Magyar Kábel SC
- Full name: Magyar Kábel Sport Club
- Founded: 1928
- Dissolved: 1998
- Ground: Hengermalom út (Újbuda)
| Home colours |

= Magyar Kábel SC =

Hungarian football club

Magyar Kábel Sport Cclub is a defunct professional football club based in Budapest, Hungary.

==History==

Magyar Kábel SC was funded in 1927 as Felten Sport Club in Budapest.

Magyar Kábel SC won the Transdanubia group of the 1942–43 Nemzeti Bajnokság III season and gained promotion to the second division.

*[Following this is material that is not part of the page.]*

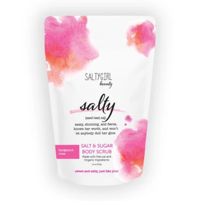 .SaltyGirl Salt and Sugar Scrub leaves your skin super soft with an exfoliating blend of moisturizing blend of oils & and blend of salt and sugar. .No Artificial Ingredients, Fillers, Parabens, Alcohol, Animal Ingredients, Fragrances, Sulfates, Artificial Colors, Or Unnatural Preservatives .Made In Small Batches In The USA .12 oz -Our scrub comes in a convenient pouch, a great alternative to glass jars that can slip and break in the bath or shower

In their first season, 1943–44 Nemzeti Bajnokság II, Felten finished in the 13th position. The following season, 1944–45 Nemzeti Bajnokság II, was suspended due to World War II.

Magyar Kábel gained promotion to the third division by winning the 1987–88 Megyei Bajnokság, fourth division, season. In the 1988–89 Nemzeti Bajnokság III, Magyar Kábel finished in the 12th position. However, Magyar Kábel finished in the 14th position and were relegated after the 1989–90 Nemzeti Bajnokság III season.

==Name changes==
- Felten Sport Club: 1927 – 1951
- Vasas Felten SK: 1951 – 1953
- Vasas Budapesti Kábelgyár: 1953 – 1957
- Budapesti Kábel SC: 1957 – ?
- Magyar Kábel SC: ? – 1998

==Honours==
===League===
- Nemzeti Bajnokság III:
  - Winners (1): 1942–43
- Megyei Bajnokság I:
  - Winners (1): 1987–88
==Seasons==
The highest league that Magyar Kábel SC have ever played was the third division.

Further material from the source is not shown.